Modern scholarship usually considers the ‘state’ to be a stable political unit and static social institution. However, throughout history, both the trajectories of state building and the specific features of the state have developed differentially. In this lecture, we will discuss and define the concept of the state and its “capacities”—state capacities as extractive capacity, as provision of public goods and its use of force. We will examine the role of war in state-making and how the evolution of certain regime types increases demands on the state apparatus. Finally, we will explore whether the development of the state should be understood as a process embedded in a historical context, or whether we can conceive of state building as an ahistorical or unconditional process.
States fail. States can fail to provide public goods, to provide security for their citizens and prevent the intervention of external actors. States might also lose their sovereignty. In this lecture, we will discuss the circumstances under which states can be thought as “failed” across these dimensions. We will discuss several cases from developing world, as well as the dynamics of state failure “from abroad” and “from within”. We will critically evaluate the utility of the “failed state” as concept. Finally, this lecture will review contemporary cases of states we might believe to be developed and resilient, but have come under threat of failure.
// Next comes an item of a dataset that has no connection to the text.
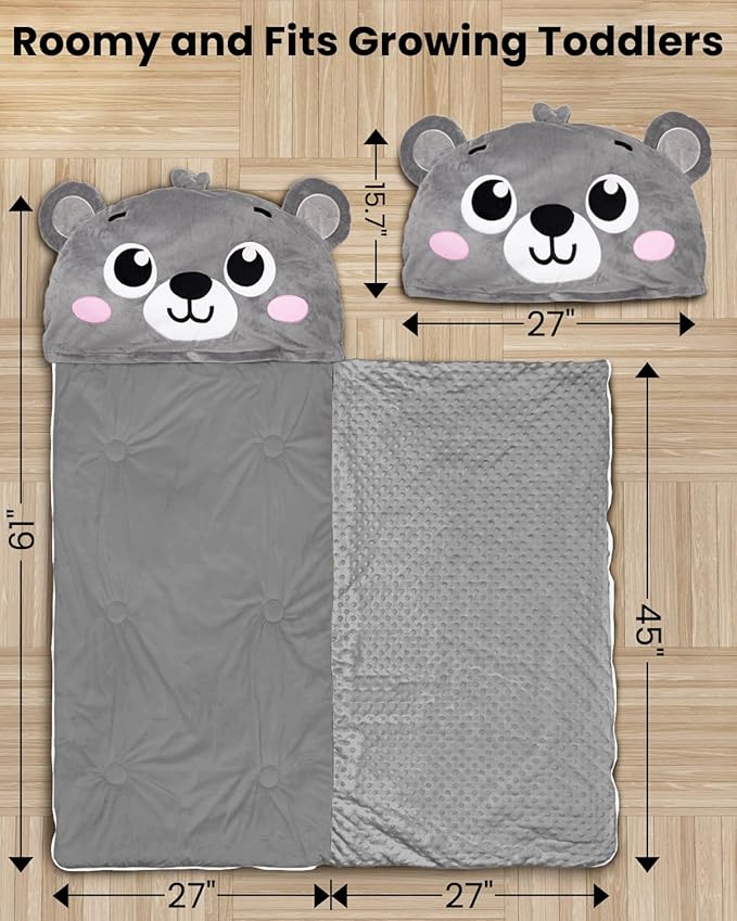 - Cozy & Warm: Made from soft flannel with a cozy, warm minky dot lining, this nap mat feels gentle on skin. The fluffy built-in pillow adds comfort—perfect for preschool, overnight, and camping

Andrea Ruggeri (PhD 2011, University of Essex) is Associate Professor of International Relations and joined Brasenose College and the Department of Politics an International Relations at the University of Oxford in September 2014. Previously, he was Assistant Professor of International Relations at the University of Amsterdam from 2010. His current research deals with civil wars and peacekeeping. His broader research interests include collective political violence, state development, and comparative politics. His work has been published in several academic journals, including the British Journal of Political Science, International Security, Journal of Conflict Resolution, Journal of Peace Research as well as edited volumes. Ruggeri serves as a member of the Peacekeeping Working group organised by the Folke Bernadotte Academy (Sweden) and is an active member of the Network of European Peace Scientists. He also holds the posts of Research Fellow at the Michael Nicholson Centre for Conflict and Cooperation, University of Essex and Associate Member of Nuffield College, Oxford. He also serves as a member of the steering committee of the Centre for International Studies, Oxford.